I have the smooth on silicone stuff in my soap shack to try mold making with but haven't braved it yet.  So I will be watching this feed!


----------



## glendam (Dec 8, 2020)

I have done the ones with the dishwashing method, did not have an issue with the vinegar smell, though it did take days to go away:

And the ones with the silicone kits from Hobby Lobby:  
And lately with a silicone kit I bought from amazon (for a column embed):

Will be happy to help if you have any questions.  I have also tried the cornstach and silicone method but favor the dishwashing method better.


----------



## TashaBird (Dec 8, 2020)

@glendam of course you have! You make such great stuff! Thank you for the videos YAY!


----------



## TashaBird (Dec 9, 2020)

@glendam with the unicorn, were you able to use the mold again? If so, how did you keep it from leaking?


----------



## glendam (Dec 9, 2020)

TashaBird said:


> @glendam of course you have! You make such great stuff! Thank you for the videos YAY!


You are most welcome!  I will say that the silicone from hardware store and dishwashing method is perhaps the cheapest way if you are making small molds that you won't be using all the time  (They can tear  with use if overstretched).  The stuff from Amazon (or hobby lobby) that makes a very fluid/pourable silicone, is very good but pricey and has a short shelf life.  It needs to be used I believe within 6 months of purchase.  Be mindful of what you make a mold of, bc of copyright stuff if you are going to sell it, but other  than that, have fun!


----------



## glendam (Dec 9, 2020)

TashaBird said:


> @glendam with the unicorn, were you able to use the mold again? If so, how did you keep it from leaking?

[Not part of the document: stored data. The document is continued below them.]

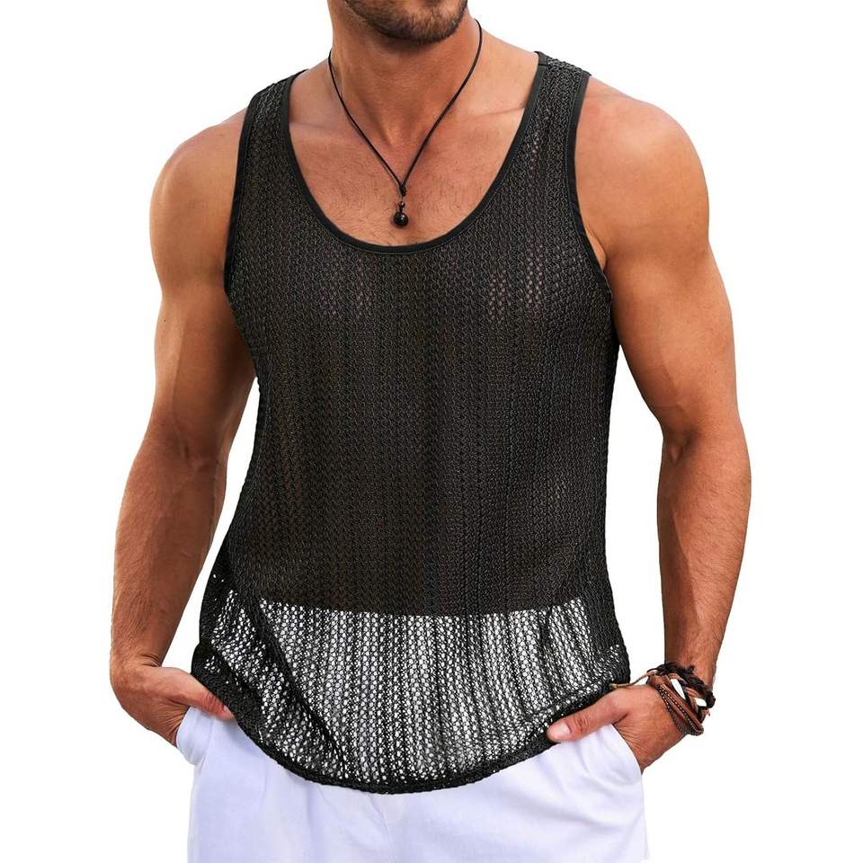 2025เสื้อกล้ามผู้ชายแขนกุดถักโครเชต์เสื้อยืดลายทะลวงมีฮู้ด XL เสื้อยิมมีฮู้ดสำหรับฤดูร้อนชายหาดสไตล์ฮิปปี้ Vibe
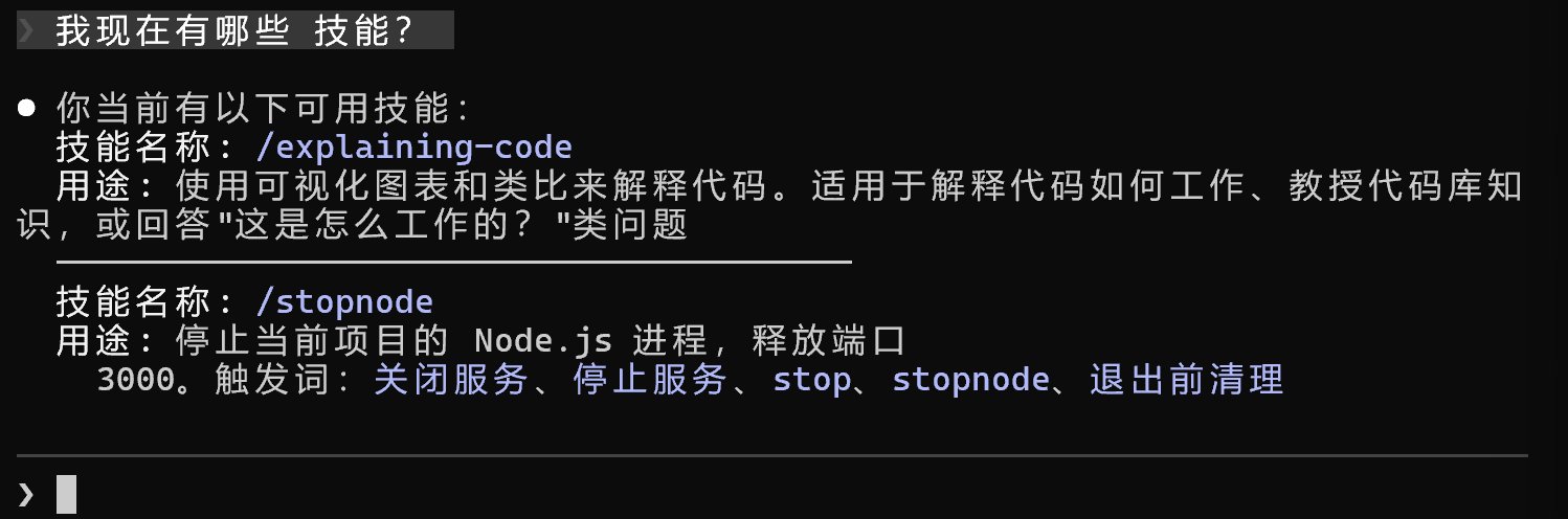 它就会告诉你有两个技能,一个是用户级别的代码解释技能,一个是项目级别的停止服务技能。
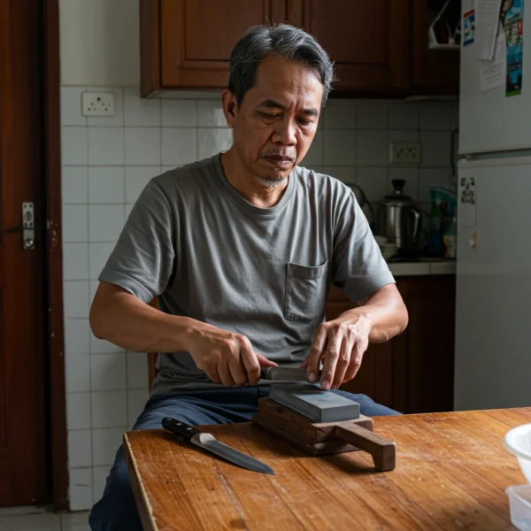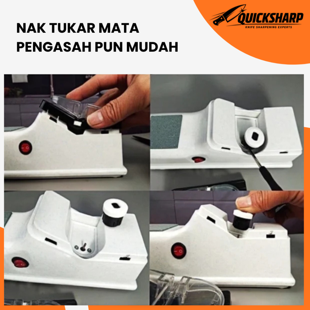 Hanya 1-2 minit untuk pisau kembali tajam – lebih pantas dari cara manual.
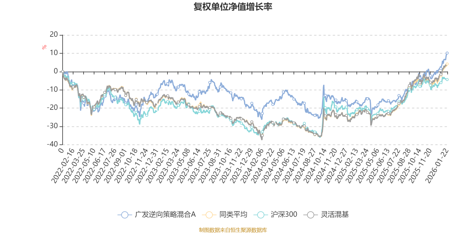 截至1月22日,广发逆向策略混合A近三个月复权单位净值增长率为14.68%,位于同类可比基金302/1286;近半年复权单位净值增长率为26.78%,位于同类可比基金503/1286;近一年复权单位净值增长率为33.91%,位于同类可比基金618/1286;近三年复权单位净值增长率为17.71%,位于同类可比基金603/1286。

I did use it again, but since I was using it with soap dough, it did not leak.  If I was making it for MP or cold process, I would probably put it in a container of a similar shape so that if there is any leakage it would be contained, it would be tricky though.  I made a mold of a lamb once for MP and to avoid leakage, I did not cut it but made it open at the bottom.  Removing the figure was tricky and that was when I learn molds could tear over time if over stretched!


----------



## earlene (Dec 10, 2020)

I have also made molds with silicone caulking & dish soap.  And I have used the Naphtha + silicone caulking method. Both have a strong odor, but the latter is the worst of the two.  Plus Naphtha is a flammable chemical, so you have to be pretty cautious with it generally.  I have also used the cornstarch + silicone method.  I think it was that one (cornstarch) that became brittle over time.  

My recommendation if you try any these methods is to set up a work space in your garage or better yet, at a picnic table in the back yard.  Even outdoors on a deck is preferable to smelling up your home.  I've done it outside and as long as the weather is good, there the molds stayed to cure.  

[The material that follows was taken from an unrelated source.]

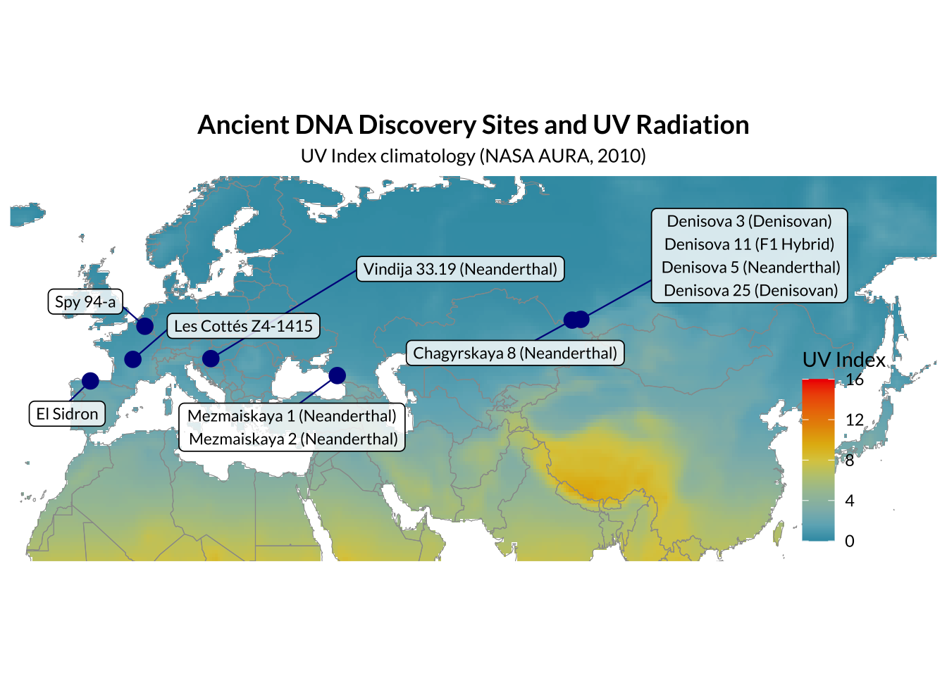 title = "Ancient DNA Discovery Sites and UV Radiation",
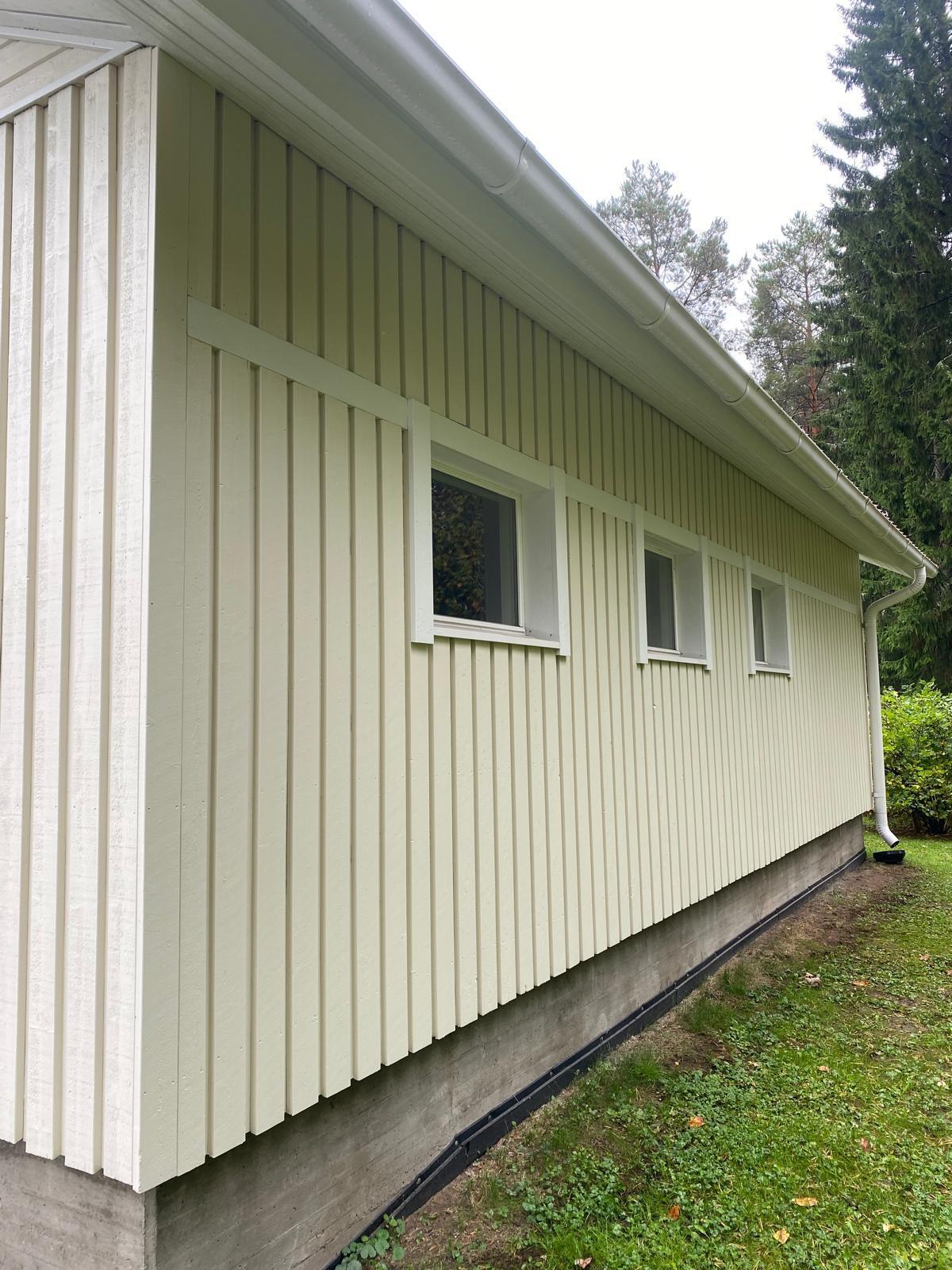 Öljymaali vaihtui vesiohenteiseen maaliin. Kohteessa tehtiin myös värinvaihto, joka toi ryhtiä taloon.

As for the odor, the caulking smell is bad enough on it's own, but with cornstarch it eventually wasn't so bad.  The worst one was the Naphtha + silicone mold.  The odor never seemed to go away, but we tossed it eventually anyway, so I can't say how long that one would have taken to dissipate.

But here's a video on that method if you are interested:


When I did it, I used more Naphtha than this guy, and in fact, painted the material onto to the surface, so that is probably part of the reason it was so awful smelling.


----------